### RECORDS PROVIDED
#####
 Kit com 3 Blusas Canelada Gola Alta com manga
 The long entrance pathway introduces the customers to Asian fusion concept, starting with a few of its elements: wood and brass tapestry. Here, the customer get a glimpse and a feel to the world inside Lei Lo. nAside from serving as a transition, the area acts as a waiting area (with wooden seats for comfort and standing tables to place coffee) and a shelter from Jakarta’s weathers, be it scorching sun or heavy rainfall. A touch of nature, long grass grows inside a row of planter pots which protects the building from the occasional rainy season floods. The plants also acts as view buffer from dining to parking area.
#####
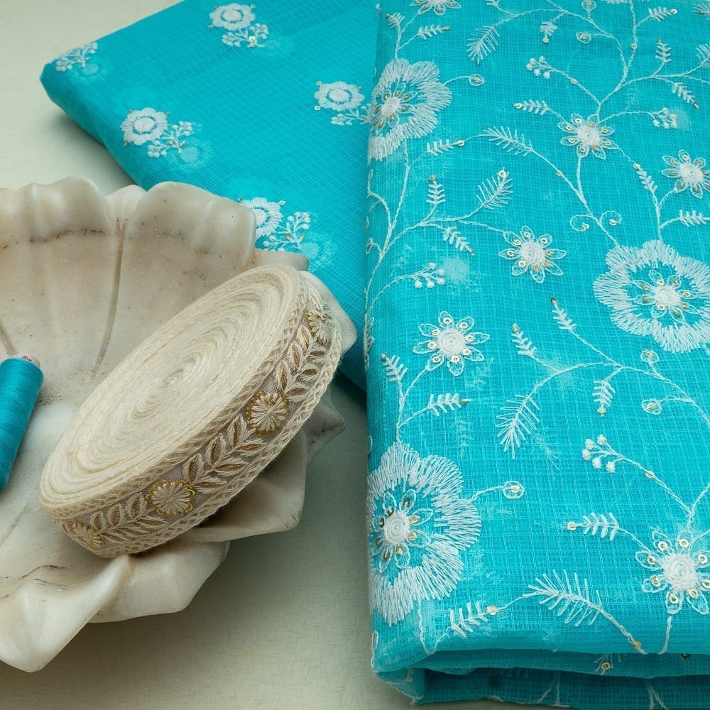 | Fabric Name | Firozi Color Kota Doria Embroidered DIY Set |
#####
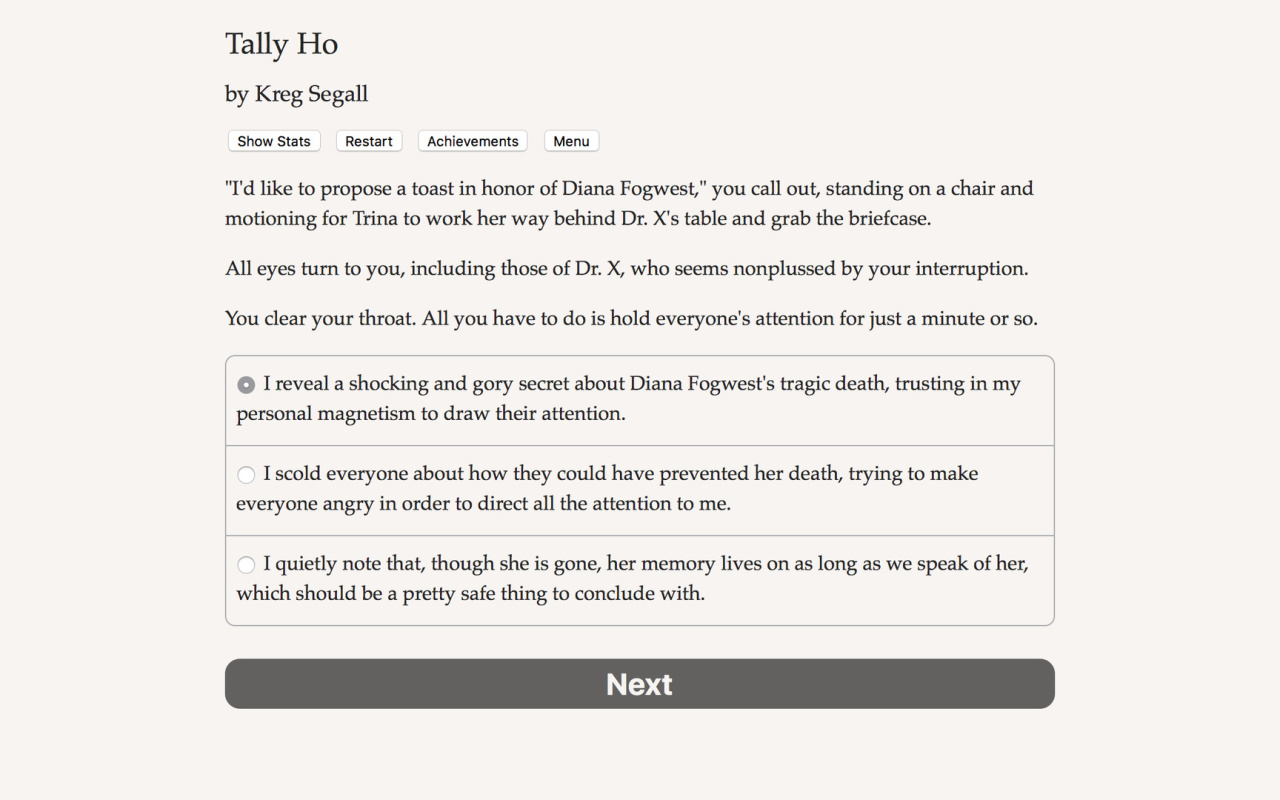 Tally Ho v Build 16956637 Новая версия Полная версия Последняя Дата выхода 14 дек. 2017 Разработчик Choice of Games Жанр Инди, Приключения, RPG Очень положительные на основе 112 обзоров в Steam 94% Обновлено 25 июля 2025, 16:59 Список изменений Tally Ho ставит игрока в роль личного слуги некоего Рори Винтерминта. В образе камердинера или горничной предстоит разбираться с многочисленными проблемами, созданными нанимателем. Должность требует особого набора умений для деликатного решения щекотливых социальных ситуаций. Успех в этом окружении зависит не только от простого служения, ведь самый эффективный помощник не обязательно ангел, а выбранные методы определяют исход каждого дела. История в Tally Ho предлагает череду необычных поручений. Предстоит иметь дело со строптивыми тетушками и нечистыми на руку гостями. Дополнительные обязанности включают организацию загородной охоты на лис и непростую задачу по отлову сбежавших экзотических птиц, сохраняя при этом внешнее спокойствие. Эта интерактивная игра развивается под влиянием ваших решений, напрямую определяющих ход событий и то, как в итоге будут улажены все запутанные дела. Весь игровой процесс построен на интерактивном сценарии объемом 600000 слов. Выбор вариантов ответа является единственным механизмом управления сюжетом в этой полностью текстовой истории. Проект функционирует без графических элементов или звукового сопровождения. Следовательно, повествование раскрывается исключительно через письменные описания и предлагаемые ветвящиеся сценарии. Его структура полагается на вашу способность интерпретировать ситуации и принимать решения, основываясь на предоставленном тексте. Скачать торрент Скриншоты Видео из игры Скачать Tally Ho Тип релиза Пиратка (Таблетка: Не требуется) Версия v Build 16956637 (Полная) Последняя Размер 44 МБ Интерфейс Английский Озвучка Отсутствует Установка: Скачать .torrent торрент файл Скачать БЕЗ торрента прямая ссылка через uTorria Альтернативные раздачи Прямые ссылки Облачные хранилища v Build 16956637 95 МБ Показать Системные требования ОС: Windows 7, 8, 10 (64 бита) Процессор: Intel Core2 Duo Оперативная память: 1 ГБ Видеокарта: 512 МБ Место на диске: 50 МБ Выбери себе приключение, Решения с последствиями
#####
### TRY IT
Starting with the line with "Kit com 3 Blusas" above and going on through the line with "The long entrance", transcribe every line exactly, both ends included, and add nothing.

### EXERCISE RESULT
 Kit com 3 Blusas Canelada Gola Alta com manga
 The long entrance pathway introduces the customers to Asian fusion concept, starting with a few of its elements: wood and brass tapestry. Here, the customer get a glimpse and a feel to the world inside Lei Lo. nAside from serving as a transition, the area acts as a waiting area (with wooden seats for comfort and standing tables to place coffee) and a shelter from Jakarta’s weathers, be it scorching sun or heavy rainfall. A touch of nature, long grass grows inside a row of planter pots which protects the building from the occasional rainy season floods. The plants also acts as view buffer from dining to parking area.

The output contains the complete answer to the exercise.